About this task: Would you repeat each line below exactly, without the pictures?
──────── Materials provided ────────
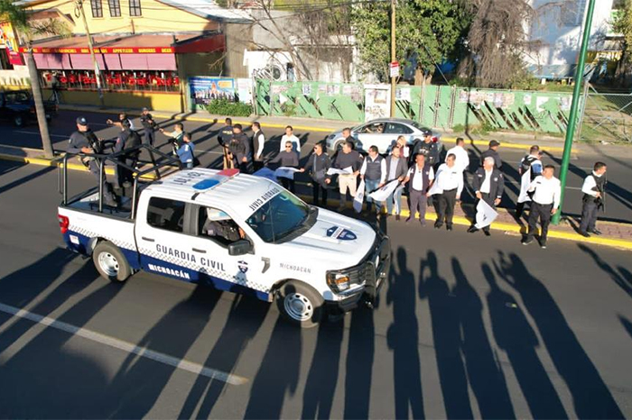 Redacción / La Voz de Michoacán Morelia, Michoacán. La mañana de este viernes arrancó el operativo de vigilancia por el Buen Fin, con un despliegue de 500 elementos que resguardarán establecimientos y plazas comerciales en Morelia y 13 regiones de la entidad, a fin de evitar ilícitos. Las acciones para brindar seguridad a la ciudadanía, del 17 al 20 de noviembre, las llevan a cabo, en conjunto, la Secretaría de Seguridad Pública, la Fiscalía General del Estado de Michoacán (FGE) y la Secretaría de Gobierno del estado. El banderazo de arranque fue encabezado por el secretario de Gobierno, Elías Ibarra Torres y el subsecretario de Operación Policial, José Ortega Silva, -en representación del secretario de Seguridad Pública, José Alfredo Ortega Reyes-, además estuvo presente el coordinador General de la Policía Ministerial de la FGE, Julio Meza Gaona, donde más de 500 agentes de la Guardia Civil y Fiscalía llevarán a cabo recorridos a pie tierra y labores de proximidad social en lugares mencionados de la capital michoacana. En la ciudad de Morelia, el despliegue policial abarca las principales plazas comerciales como Escala La Huerta y Andador, Paseo Altozano, Fiesta y Prados Camelinas, así como en Espacio Las Américas y la zona financiera, ubicada al sur de la ciudad; además de las tiendas de autoservicio como Home Depot y Walmart Mil Cumbres; Bodega Aurrera y Soriana Torreón Nuevo, entre otros. Las acciones se efectúan de igual manera en las distintas regiones de la entidad, para brindar una atención integral a la sociedad y responder de manera pronta y oportuna ante cualquier emergencia. Se pone al servicio de la población las líneas 911 Emergencias y 089 Denuncia Anónima para reportar cualquier actividad ilícita.
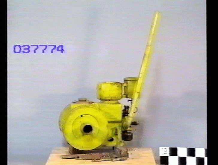 Self-contained single-cylinder horizontal stationary crude oil engine painted yellow-green, with tall vertical stand-pipe exhaust. Specifications: Bore x Stroke: 3½-inch x 5-inch (88.9 mm x 127 mm) Power Rating: 2½ brake horsepower (1.86 kW) at 600 r.p.m. Crankshaft: 1 5/8-inch diameter Flywheels: Two solid disc type of 20-inch diameter x 2 3/8-inch face x 3 5/8-inch deep rim Belt Pulley: 4½-inch diameter x 4½-inch wide Fuel Tank: 7-inch diameter x 9-inch high Exhaust Pipe: 2-inch diameter x 66½-inch high Top Water Hopper: 12-inch x 9½-inch oval shaped x 9¼-inch high, with 6½-inch diameter hole in top Holding Down Bolt Hole Centres in Bottom Flange of Crankcase Casting: 21¼-inch x 8-inch
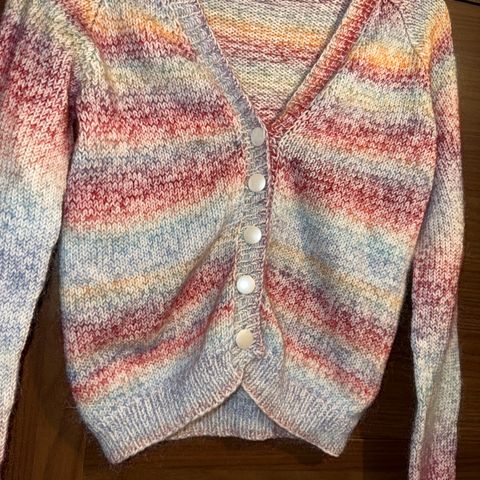 Cardigan fra Maison Scotch strikket i spraglete garn i beige, orange garn med gulltråder. Str. S
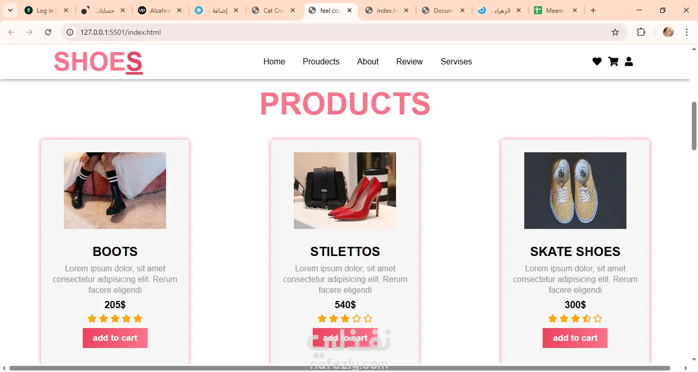 اسم المشروع: تصميم وتطوير متجر إلكتروني للأحذية (Shoes E-commerce Website)
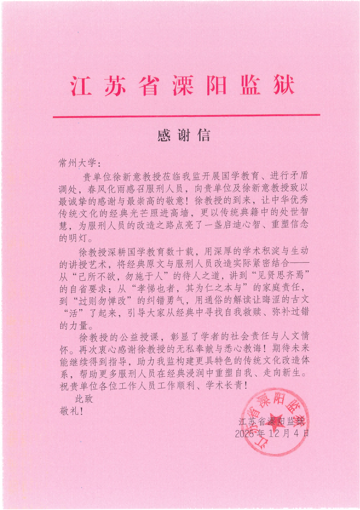 近日,江苏省溧阳监狱向常州大学发来感谢信,对我院徐新意老师深入监狱系统开展国学教育与矛盾调处工作表示高度赞誉。信中特别指出,徐老师通过生动的国学课程,将中华经典智慧融入服刑人员教育改造,为其“点亮了一盏启迪心智、重塑信念的明灯”。
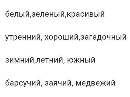 Белый, зелёный, красивый, барсучий, заячий, медвежий, хороший.
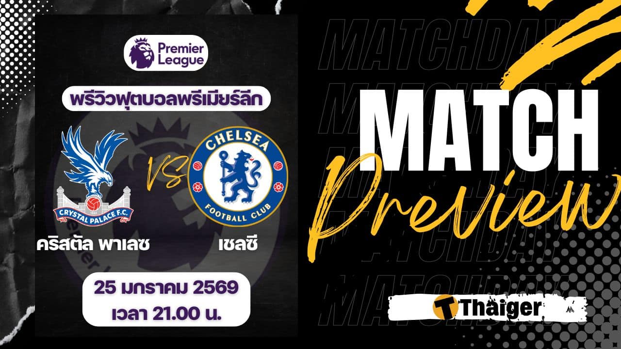 25 มกราคม 2569 เวลา 21.00 น. ถ่ายทอดสด ดูบอลสด ฟุตบอล พรีเมียร์ลีก ฤดูกาล 2025/26 ที่สนาม เซลเฮิร์สต์ พาร์ค คริสตัล พาเลซ พบ เชลซี The Thaiger พาไปวิเคราะห์เกม พร้อมการทำนายผล และคาดการณ์ 11 ตัวจริงได้ที่นี่
────────
Task result:
 Redacción / La Voz de Michoacán Morelia, Michoacán. La mañana de este viernes arrancó el operativo de vigilancia por el Buen Fin, con un despliegue de 500 elementos que resguardarán establecimientos y plazas comerciales en Morelia y 13 regiones de la entidad, a fin de evitar ilícitos. Las acciones para brindar seguridad a la ciudadanía, del 17 al 20 de noviembre, las llevan a cabo, en conjunto, la Secretaría de Seguridad Pública, la Fiscalía General del Estado de Michoacán (FGE) y la Secretaría de Gobierno del estado. El banderazo de arranque fue encabezado por el secretario de Gobierno, Elías Ibarra Torres y el subsecretario de Operación Policial, José Ortega Silva, -en representación del secretario de Seguridad Pública, José Alfredo Ortega Reyes-, además estuvo presente el coordinador General de la Policía Ministerial de la FGE, Julio Meza Gaona, donde más de 500 agentes de la Guardia Civil y Fiscalía llevarán a cabo recorridos a pie tierra y labores de proximidad social en lugares mencionados de la capital michoacana. En la ciudad de Morelia, el despliegue policial abarca las principales plazas comerciales como Escala La Huerta y Andador, Paseo Altozano, Fiesta y Prados Camelinas, así como en Espacio Las Américas y la zona financiera, ubicada al sur de la ciudad; además de las tiendas de autoservicio como Home Depot y Walmart Mil Cumbres; Bodega Aurrera y Soriana Torreón Nuevo, entre otros. Las acciones se efectúan de igual manera en las distintas regiones de la entidad, para brindar una atención integral a la sociedad y responder de manera pronta y oportuna ante cualquier emergencia. Se pone al servicio de la población las líneas 911 Emergencias y 089 Denuncia Anónima para reportar cualquier actividad ilícita.
 Self-contained single-cylinder horizontal stationary crude oil engine painted yellow-green, with tall vertical stand-pipe exhaust. Specifications: Bore x Stroke: 3½-inch x 5-inch (88.9 mm x 127 mm) Power Rating: 2½ brake horsepower (1.86 kW) at 600 r.p.m. Crankshaft: 1 5/8-inch diameter Flywheels: Two solid disc type of 20-inch diameter x 2 3/8-inch face x 3 5/8-inch deep rim Belt Pulley: 4½-inch diameter x 4½-inch wide Fuel Tank: 7-inch diameter x 9-inch high Exhaust Pipe: 2-inch diameter x 66½-inch high Top Water Hopper: 12-inch x 9½-inch oval shaped x 9¼-inch high, with 6½-inch diameter hole in top Holding Down Bolt Hole Centres in Bottom Flange of Crankcase Casting: 21¼-inch x 8-inch
 Cardigan fra Maison Scotch strikket i spraglete garn i beige, orange garn med gulltråder. Str. S
 اسم المشروع: تصميم وتطوير متجر إلكتروني للأحذية (Shoes E-commerce Website)
 近日,江苏省溧阳监狱向常州大学发来感谢信,对我院徐新意老师深入监狱系统开展国学教育与矛盾调处工作表示高度赞誉。信中特别指出,徐老师通过生动的国学课程,将中华经典智慧融入服刑人员教育改造,为其“点亮了一盏启迪心智、重塑信念的明灯”。
 Белый, зелёный, красивый, барсучий, заячий, медвежий, хороший.
 25 มกราคม 2569 เวลา 21.00 น. ถ่ายทอดสด ดูบอลสด ฟุตบอล พรีเมียร์ลีก ฤดูกาล 2025/26 ที่สนาม เซลเฮิร์สต์ พาร์ค คริสตัล พาเลซ พบ เชลซี The Thaiger พาไปวิเคราะห์เกม พร้อมการทำนายผล และคาดการณ์ 11 ตัวจริงได้ที่นี่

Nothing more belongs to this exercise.